Dovremmo superare l'interpretazione letterale di don Milani. Cogliere il suo midollo spinale. Lo potremmo fare solo a partire da oggi. Coi fumi delle vecchie battaglie ormai spenti. Nel nuovo mondo che ci aspetta. 
In questa singolare biografia, quasi un pellegrinaggio lungo i «luoghi dell'esperienza» di don Lorenzo Milani, Eraldo Affinati si misura con il passato di un grande uomo, controverso e, anche per questo, spesso misinterpretato e osteggiato. E, tuttavia, imprescindibile: quante volte si sente citare Lettera a una professoressa senza riflettere sulle radici sociali e culturali dell'autore? Eppure don Milani ha fatto scuola, in tutti i sensi, senza temere di proporre qualcosa fuori dal coro, o di affrontare l'educazione a piene mani, come ribadisce Affinati:
Bisogna agire in fretta. Non lasciarsi irretire dall'indecisione, dal pensiero che frulla su se stesso. Non come farebbe l'uomo istintivo, privo di guida razionale, ma nella consapevolezza delle infinite elucubrazioni che ci hanno preceduto.
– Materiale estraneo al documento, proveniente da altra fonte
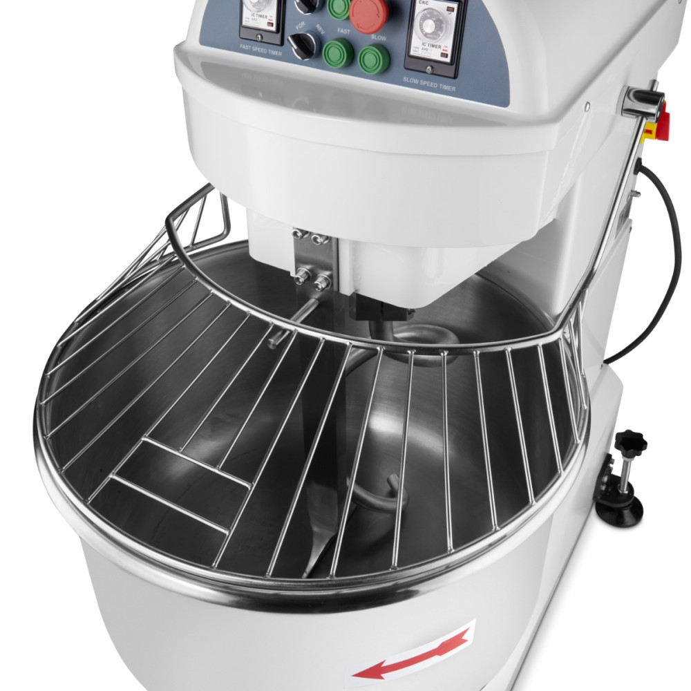 S tímto profesionálním míchadlem na těsto se 130litrovou mísou můžete uhníst až 80 kg těsta. Má jednoduchý ovládací panel se dvěma rychlostmi, časovačem a několika bezpečnostními prvky, jako jsou bezpečnostní spínače a ochranný kryt. Míchadlo na těsto má kovový kryt s povrchovou úpravou a je dodáváno s nerezovým hákem a pevnou míchací mísou.
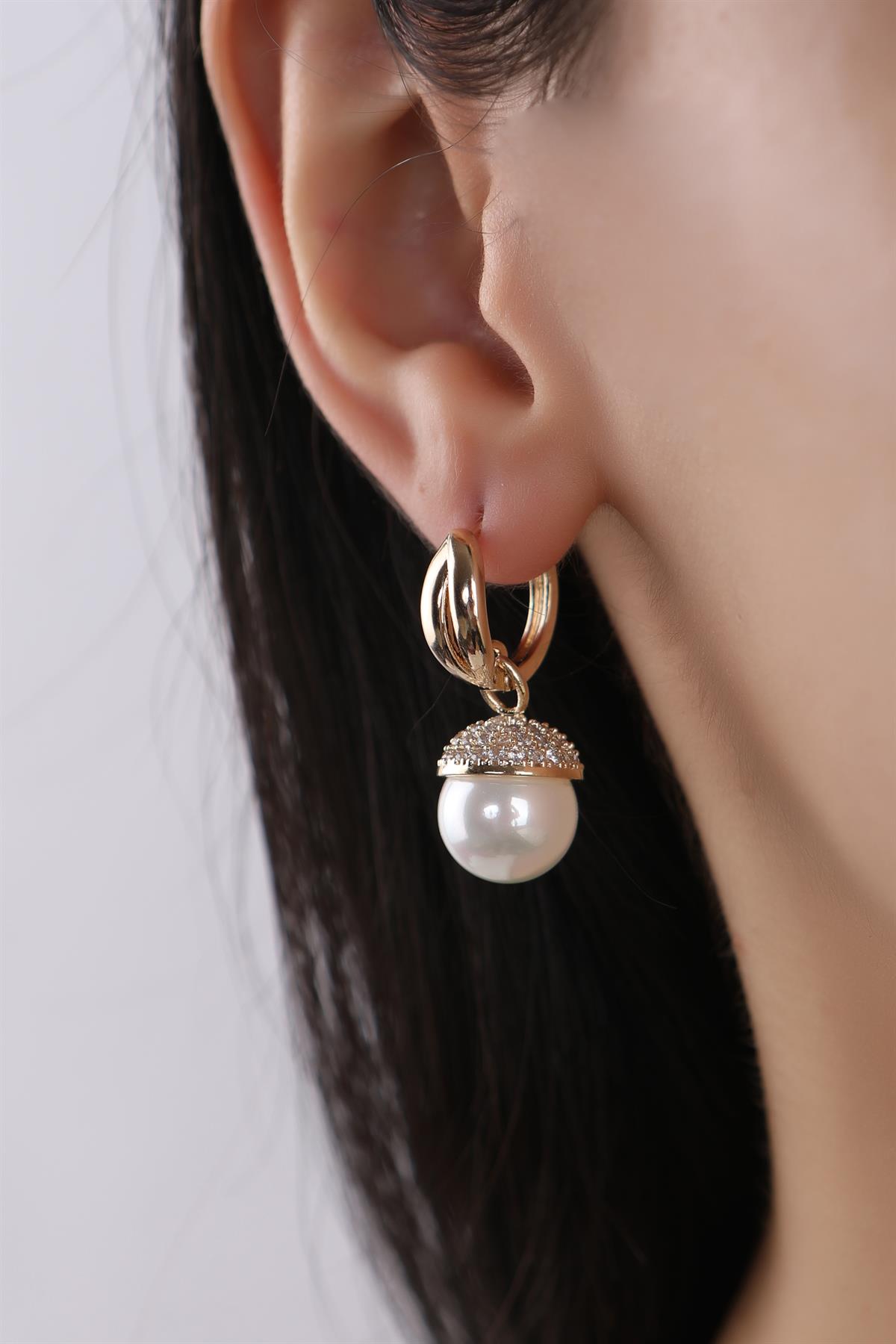 Altın Kaplama Zirkon Taşlı İnci Sallantılı Küpe Malzeme: Altin Kaplama, Zirkon Taşlı Küpeler hediye kutusu ile gönderilecektir.
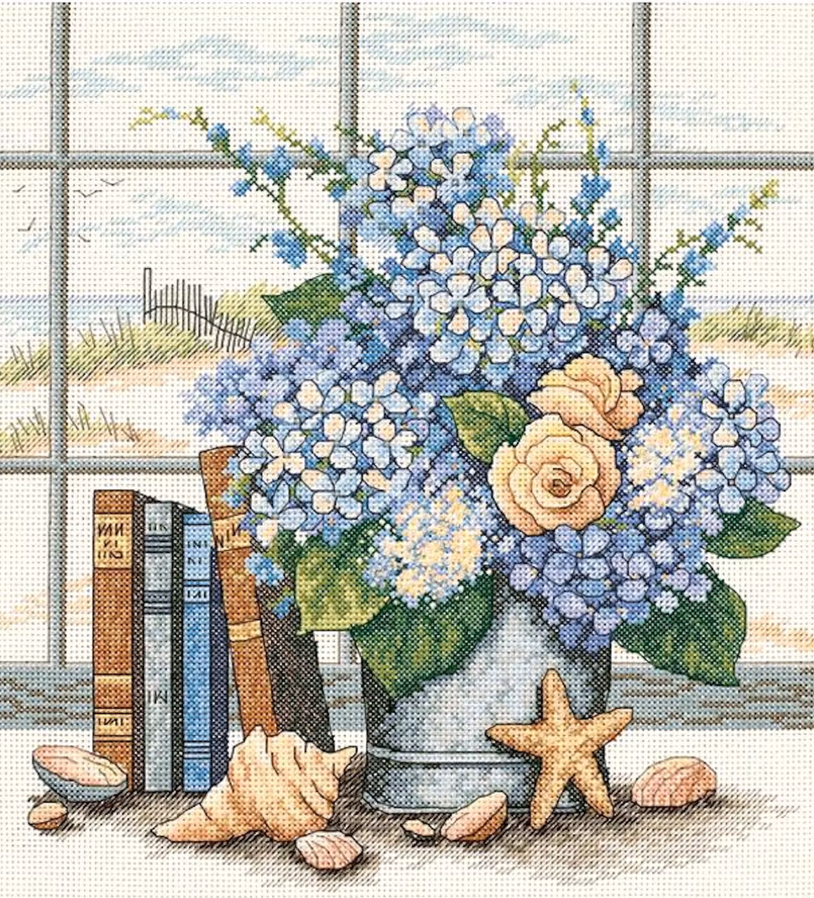 Denna fantastiska design är perfekt för alla som gillar hortensiablommor, snäckskal och stranden
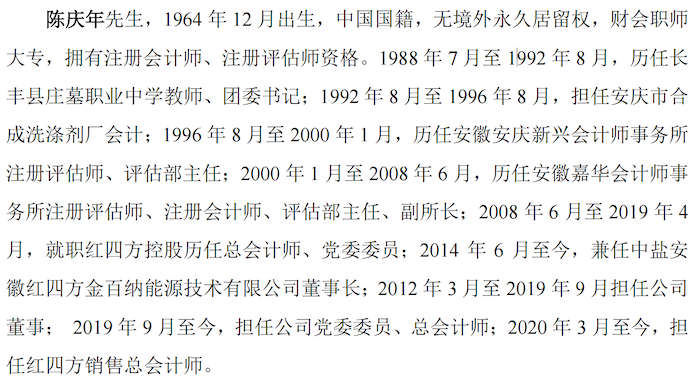 2014年6月起,陈庆年曾担任中盐安徽红四方金百纳能源技术有限公司(红四方控股控制的企业,以下简称“金百纳”)的董事长、法定代表人,自2014年7月起担任中盐红四方金百纳能源技术无锡有限公司(金百纳控股子公司,2017年5月4日注销,以下简称“金百纳无锡”)的董事长、法定代表人。

Alcune delle affermazioni allora eversive del priore sono diventate oggi slogan strumentalizzati politicamente, o sembrano ormai scontate. Ad esempio, «la scuola ha un problema. I ragazzi che perde» pare implicito, ma tante politiche contro la dispersione scolastica in realtà trovano le radici proprio in don Milani e in ciò che ha fatto concretamente a Barbiana per valorizzare ogni singolo studente. Il tutto, con la consapevolezza che educare non è divertimento, né un compito semplice; quasi sempre, anzi:
Educarsi significa ferirsi. Bruciarsi le mani. Andare diritto dove sai che ti fa male. 
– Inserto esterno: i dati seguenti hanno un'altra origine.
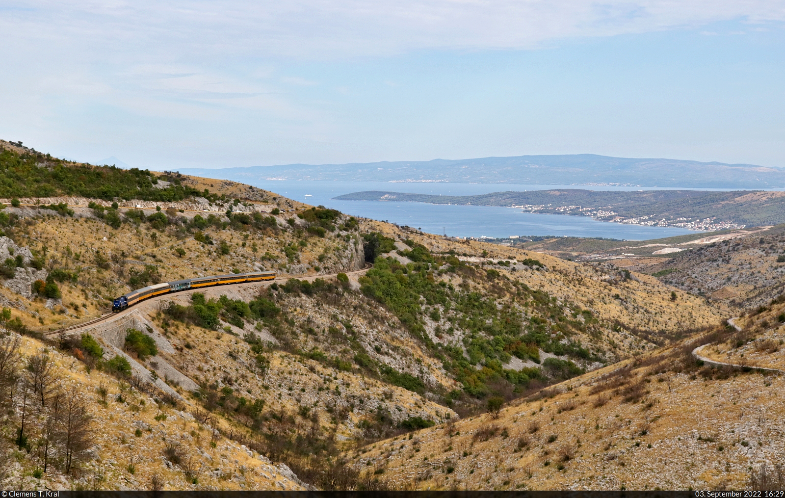Wer sich im EuroNight ab Split (HR) die Adria-Luft und den Dieselgeruch der ordentlich arbeitenden Lok um die Nase wehen lassen will, geht in den Liegewagen, denn dieser ist der einzige Wagen mit Übersetzfenstern. Auf einem der zahlreichen aufgeschütteten Dämme, irgendwo zwischen Sadine und Labin Dalmatinski, ging ein letzter Blick Richtung Meer, ehe sich der Nachtzug weiter ins Gebirge vorarbeitet.
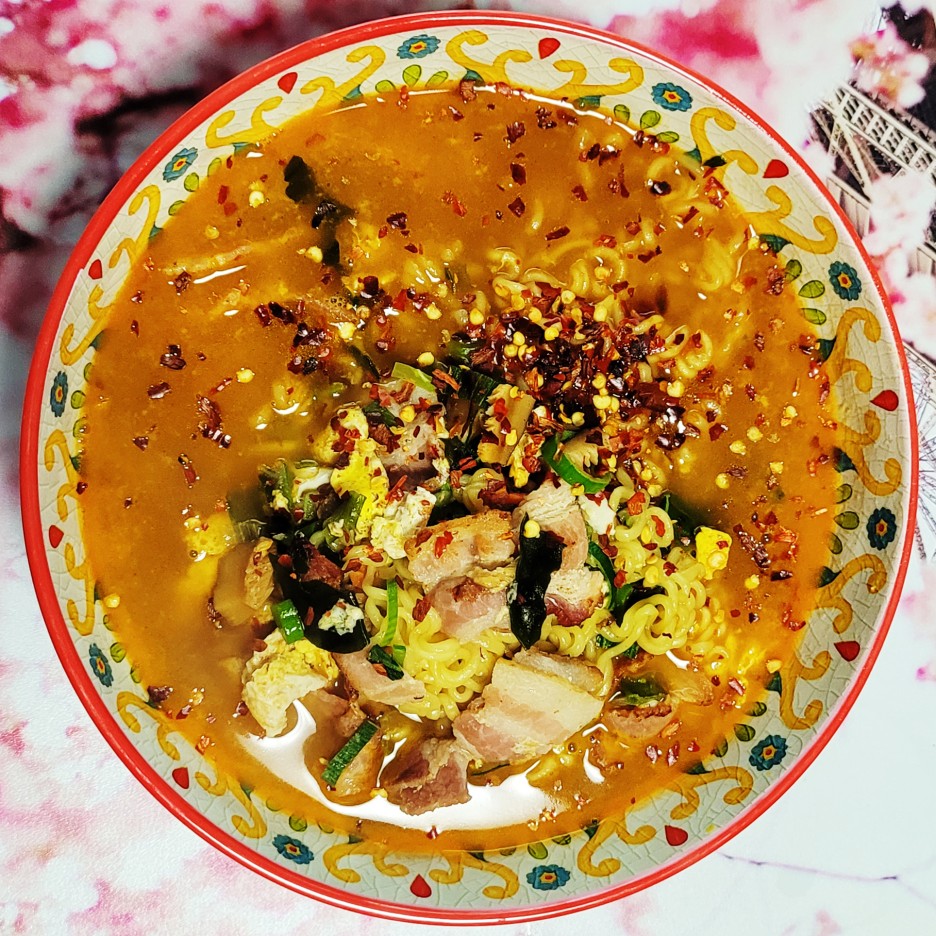 일단 냉장고를 털어 만든 베이컨 해장라면

Dunque, la ricerca su don Milani rinsalda parecchie convinzioni di Affinati stesso sull'insegnamento, sulla "missione" che accompagna uno dei lavori più difficili e tuttavia gratificanti:
Ho l'impressione di toccare la matrice dell'insegnamento, il suo senso più compiuto e profondo: consegnare il testimone. Rinnovare la tradizione. Accendere il fuoco. Baciare il futuro. Accettare la morte.
Mettersi in gioco, ascoltare l'altro, ma anche avere la fermezza opportuna e la capacità di cogliere il profondo di ognuno. Come in Lettera a una professoressa, anche qui emerge la richiesta di don Milani di andare oltre il nozionismo della scuola, oltre il vuoto "riversare" contenuti dalla mente dell'insegnante a quella dell'alunno. La verifica dell'efficacia? Arriva dagli alunni stessi:
Come si fa a distinguere il buono dal cattivo maestro? Basta vedere gli occhi dei suoi scolari: se brillano, oppure restano spenti.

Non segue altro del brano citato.